How to Use Repeatability to Gain 120% Data Processing Efficiency
by Sujith Parakkunnath, on August 30, 2021 7:40:52 AM PDT
This past month, the Infrrd team collaborated with our client, a large financial institution that has a team of about 100 people extracting data from documents manually. This customer processes a huge variety of documents from numerous sources that do not have any fixed format. Every document from every provider comes with its own unique layout and vocabulary of information. These documents arrive at the firm’s mail room where they are combined into packets of hundreds of documents then get handed-off to the data processing team. In all, the customer has millions of combinations of layouts from which the team extracts data.
As with all our customers, we were tasked with the job of making this team faster and more efficient.
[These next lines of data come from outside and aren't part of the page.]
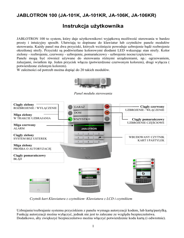 JABLOTRON 100 (JA-101K, JA-101KR, JA-106K, JA-106KR) Instrukcja użytkownika JABLOTRON 100 to system, który daje użytkownikowi wyjątkową możliwość sterowania w bardzo prosty i intuicyjny sposób. Ułatwiają to dopinane do klawiatur lub czytników panele modułów sterowania. Każdy panel ma dwa przyciski, których wciśnięcie powoduje uzbrojenie bądź rozbrojenie określonej strefy. Przyciski są podświetlane kolorowymi diodami LED wskazując stan strefy. Kolor zielony - rozbrojenie, czerwony - uzbrojenie, pomarańczowy - uzbrojenie nocne/częściowe. Panele mogą być również używane do sterowania różnymi urządzeniami, np.: ogrzewaniem, żaluzjami, światłem itp. Jeden przycisk włącza (potwierdzone czerwonym kolorem), drugi wyłącza ( potwierdzone zielonym kolorem). W zależności od potrzeb można dopiąć do 20 takich modułów. Panel modułu sterowania Ciągły zielony ROZBROJENIE / WYŁĄCZENIE Miga zielony W TRAKCIE UZBRAJANIA Ciągły czerwony GARAŻ UZBROJENIE / WŁĄCZENIE DOM Ciągły pomarańczowy WSZYSTKO UZBROJENIE CZĘŚCIOWE Miga czerwony ALARM Ciągły zielony WBUDOWANY CZYTNIK KART I PASTYLEK SYSTEM BEZ USTEREK Miga zielony PROŚBA O AUTORYZACJĘ Ciągły pomarańczowy BŁĄD Czytnik kart Klawiatura z czytnikiem· Klawiatura z LCD i czytnikiem Uzbrajanie/rozbrajanie systemu przyciskiem z panelu wymaga autoryzacji kodem, lub kartą/pastylką. Funkcję autoryzacji można wyłączyć, jednak nie jest to zalecane ze względu bezpieczeństwa. Dodatkowo, aby zwiększyć bezpieczeństwo można włączyć potwierdzenie kodu kartą (i odwrotnie). 1 Dla wygody użytkownika istnieje możliwość dowolnego przypisania paneli modułów do stref i autoryzacji lub jej braku dla każdej z nich, oraz przypisania wybranego modułu do uzbrajania grupowego stref, lub całości. Sterowanie bez autoryzacji zalecane jest dla załączania i wyłączania urządzeń (sterowania wyjść programowalnych) ze względu na komfort sterowania nimi. Kody w systemie JA-100 mogą mieć maksymalnie 8 znaków. Obejmuje on prefix (nr. użytkownika oraz znak gwiazdki *) + czterocyfrowy kod. Przykład: 137*8729. Kody można uprościć wyłączając prefix, ale nie jest to zalecane przy dużej ilości użytkowników. Stosujemy wówczas tylko sam 4-ro cyfrowy kod. UZBROJENIE PRZYCIŚNIJ AUTORYZUJ WYKONANIE POVEL Chcę uzbroić: Autoryzuję: Uzbrojenie wykonane: Naciskam odpowiedni przycisk wybranego modułu. Zaczyna migać na czerwono... Przykładam kartę/pastylkę lub wpisuję kod... Klawiatura akustycznie sygnalizuje czas na wyjście. Ciągłe świecenie czerwonej diody LED oznacza uzbrojenie systemu. 2 ROZBROJENIE PRZYCIŚNIJ AUTORYZUJ WYKONANIE POVEL POVEL POVEL Chcę rozbroić: Autoryzuję: Rozbrojenie wykonane: Kiedy wchodzę do budynku, system zaczyna odliczać czas na wejście? Sygnalizowane jest to akustycznie (powtarzający się dźwięk "pik pik pik .....) oraz optycznie miganiem zielonej diody LED w przycisku. Przyciskam mrugający przycisk.... Przykładam kartę/pastylkę lub wpisuję kod... Zielony LED świeci ciągłym światłem. CZĘŚCIOWE/NOCNE UZBROJENIE Jeśli funkcja częściowego/nocnego uzbrojenia jest włączona, mamy możliwość ochrony poprzez wybrane czujki np., jeżeli idziemy spać uzbrajamy tylko czujki otwarcia okien i drzwi, podczas gdy czujki ruchu nie są aktywne. PRZYCIŚNIJ AUTORYZUJ WYKONANIE POVEL POVEL POVEL Chcę uzbroić częściowo: Autoryzuję: Naciskam przycisk strefy, którą chcę uzbroić. Zaczyna migać na pomarańczowo... Przykładam kartę/pastylkę lub wpisuję kod... 3 Uzbrojenie częściowe wykonane: Pomarańczowy LED świeci ciągłym światłem. Jeżeli chcemy uzbroić strefę całkowicie (np. przy wyjściu z domu), to należy wcisnąć przycisk dwukrotnie. Przy pierwszym wciśnięciu LED zacznie mrugać na pomarańczowo. Wciśnięcie drugi raz spowoduje mruganie LED na czerwono. Po autoryzacji, (jeżeli wymagana) system jest całkowicie uzbrojony, a dioda LED będzie świecić ciągłym czerwonym światłem. Jeżeli system jest już częściowo uzbrojony, a chcemy go uzbroić całkowicie, to należy wcisnąć przycisk podświetlony na pomarańczowo i potwierdzić kodem lub kartą, (jeśli wymagana autoryzacja). ODWOŁANIE ALARMU PRZYCIŚNIJ AUTORYZUJ WYKONANIE POVEL POVEL POVEL Jeżeli wystąpi alarm, to miga czerwona dioda LED segmentu odpowiadającemu strefie, w której wystąpił alarm, oraz czerwona LED na klawiaturze. Alarm odwołujemy poprzez rozbrojenie stref, w których wystąpił. Po odwołaniu alarmu czerwony LED miga - jest to pamięć alarmu. Kasujemy ją ponownym wciśnięciem przycisku. 4 INNE METODY STEROWANIA- pilotem, z telefonu, przez Internet Sterowanie pilotem Funkcje pilota zobrazowane są poprzez obrazek na przyciskach - kłódka otwarta (rozbrojenie) i zamknięta (uzbrojenie). Wciśnięcie dwóch przycisków jednocześnie powoduje wysłanie alarmu napadowego. Przyciski mogą być blokowane przed przypadkowym wciśnięciem np. przez dzieci. Więcej informacji w instrukcji pilota. Sterowanie systemem z klawiatury telefonu GSM System może być sterowany z telefonu komórkowego. Dzwoniąc do systemu łączymy się z menu głosowym, które ułatwia sterowanie. Po połączeniu system informuje o swoim statusie. Jeśli włączona jest funkcja dostępu dla nieautoryzowanych numerów to wymagane jest podanie kodu z klawiatury telefonu w celu zainicjalizowania połączenia. Istnieje możliwość włączenia funkcji dostępu tylko dla wybranych numerów telefonów. Jeśli w systemie wystąpił alarm to poinformuje nas o tym głosowo. Sterowanie poprzez SMS lub clip. Istnieje możliwość sterowania systemem z wykorzystaniem SMS-ów. Wysyłając SMS odpowiedniej treści możemy system uzbroić, rozbroić lub wysterować dowolne z jego wyjść (światło, ogrzewanie, żaluzje itp.) Komenda SMS fabrycznie musi być poprzedzona kodem użytkownika. Autoryzację kodem w SMS można wyłączyć, ale nie powinno sie tego robić ze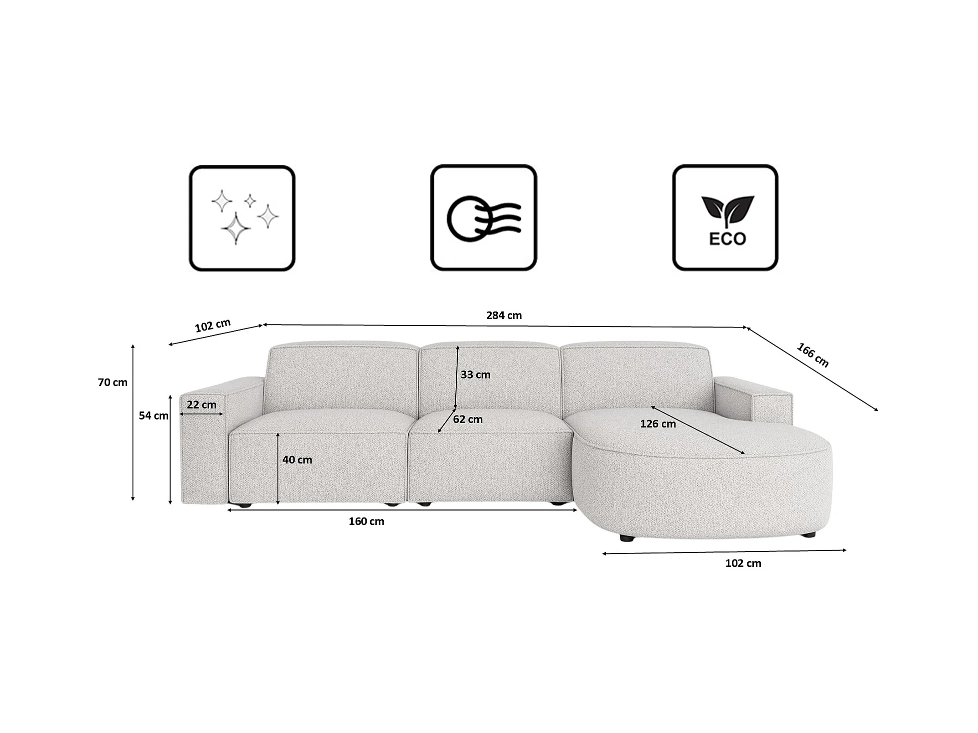 Canapé d'angle L-form Round Cursal, tissu Artico, Nata, gauche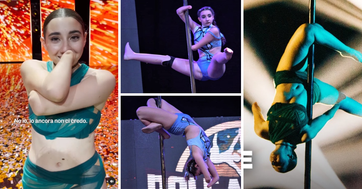 Инспиративната Италијанка, која е родена со нецелосно развиени горни екстремитети и без една нога, ја освои публиката танцувајќи на шипка и одушеви со својата упорност и верба во себе.

Before getting to automated document processing, we spent some time analyzing how this team worked. Every member of the team started going through these documents one by one. All of the documents looked completely different and it took them a couple of seconds to orient themselves to this new layout.
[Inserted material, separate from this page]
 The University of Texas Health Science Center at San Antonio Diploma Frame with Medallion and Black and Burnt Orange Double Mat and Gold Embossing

To quantify our understanding a little more, we asked three of these users to start processing the documents within our system. This is how their processing data looked like at the end of four hours:
The efficiency of the users was pretty low to begin with. But one interesting observation was that every user started slow and started getting more efficient with each passing hour. At the end of the day, our machine learning algorithms kicked in and started learning from the corrections made by the users in the day. The next day, we repeated this process and this is how the numbers looked:
With the improved accuracy, the users processed 10% more documents in the same time frame. This was a small but good incremental improvement. The next day, the machine learning algorithms learned again from the corrections. But this time, we also made a change to how the documents were routed to the users. Instead of showing them documents one after the other, we organized them so that similar looking documents were shown one after another. Here is the data from third day’s run:
Almost 120% gain in efficiency!
Some part of this gain is related to re-learning of machine learning algorithms but the bigger gain is from repeatability. This is a fundamental issue that most data processing teams overlook. Besides using AI to process documents end to end, there are a lot of innovative ways you can employ it to optimize your entire business process.
When you begin looking at technology to help you optimize your data extraction process, you should take a step back and try to re-visualize your entire business process. Pay attention to how your team is structured today, what your manual data entry does not do today that can be automated and most importantly, where are new opportunities to introduce repeatability.